Exercise objective -
Restrict the output to the lines below starting at the one that contains "Двойная золотая рама" and ending at the one that contains "证券之星消息,11月26日,深证优质信披", and restate them word for word, both ends included.

Source material -
+---+
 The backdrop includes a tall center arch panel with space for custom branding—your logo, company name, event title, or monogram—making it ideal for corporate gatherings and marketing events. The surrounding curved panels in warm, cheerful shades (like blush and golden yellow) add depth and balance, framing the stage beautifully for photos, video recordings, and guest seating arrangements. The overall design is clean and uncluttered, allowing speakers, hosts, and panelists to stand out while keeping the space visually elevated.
+---+
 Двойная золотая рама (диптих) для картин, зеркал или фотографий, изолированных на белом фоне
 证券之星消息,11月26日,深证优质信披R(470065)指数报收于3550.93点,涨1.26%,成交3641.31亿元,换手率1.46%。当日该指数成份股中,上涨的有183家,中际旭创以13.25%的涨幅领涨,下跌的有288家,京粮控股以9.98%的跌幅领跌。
+---+
Task response -
 Двойная золотая рама (диптих) для картин, зеркал или фотографий, изолированных на белом фоне
 证券之星消息,11月26日,深证优质信披R(470065)指数报收于3550.93点,涨1.26%,成交3641.31亿元,换手率1.46%。当日该指数成份股中,上涨的有183家,中际旭创以13.25%的涨幅领涨,下跌的有288家,京粮控股以9.98%的跌幅领跌。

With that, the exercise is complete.